I have seen people say that Floyd-Warshall can be modified (easily) to detect cycles. Note: I'm assuming the graph does not have negative cycles. I want to know how to modify the algorithm? And why is it correct? Also, what cycles can you make it detect? Shortest,Longest, of length k? -- and what adjustments in the algorithm do you need to make?
I read this question, that got me started thinking about this question: Find cycle of shortest length in a directed graph with positive weights
For the above link, I don't see why making the diagonal of adj. matrix = INFINITY gives us the cycles of shortest length going through (i,i).
Lastly, this site: http://en.algoritmy.net/article/45708/Floyd-Warshall-algorithm says:
Floyd-Warshall algorithm can be easily modified to detect cycles.
If we fill negative infinity value at the diagonal of the matrix and run the
algorithm, then the matrix of predecessors will contain also all cycles in the graph
(the diagonal will not contain only zeros, if there is a cycle in the graph).
So I don't think I understand this because this seems wrong because if memory serves me correct, detecting all cycles can't be done in poly time. Am I misunderstanding what is being said? (Also, not really sure what is meant by matrix of predecessors.)
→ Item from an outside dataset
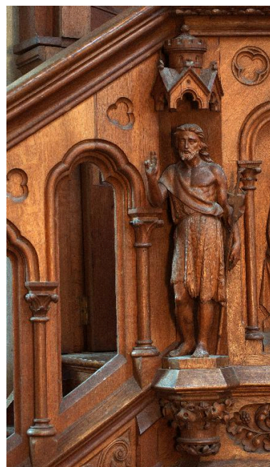
Détail d'une statuette de la cuve : saint Jean-Baptiste.

Phot. Marie-Laure Monnehay-Vulliet IVR22_20148000307NUC2A

I believe matrix of predecessors is the end result of computing the distances from any vertex to any other vertex, F_ij=length of shortest route from node i to node j, 0 if there is no route. If the diagonals of the adjacency matrix are set to infinity, it effectively prohibits self loops, so the only way F_ii can be non-zero is if there is a path from node i to itself through at least one other node, i.e. a loop. In general any path finding algorithm can be turned into a loop finding algorithm. Take the node you want to find a loop through, say v, and split it into two nodes v_out and v_in, with v-out having only the edges out of v and v_in having only the edges into v. Now use the algorithm to find a path from v_out to v_in, this will become a loop if v_out and v_in are merged back to v.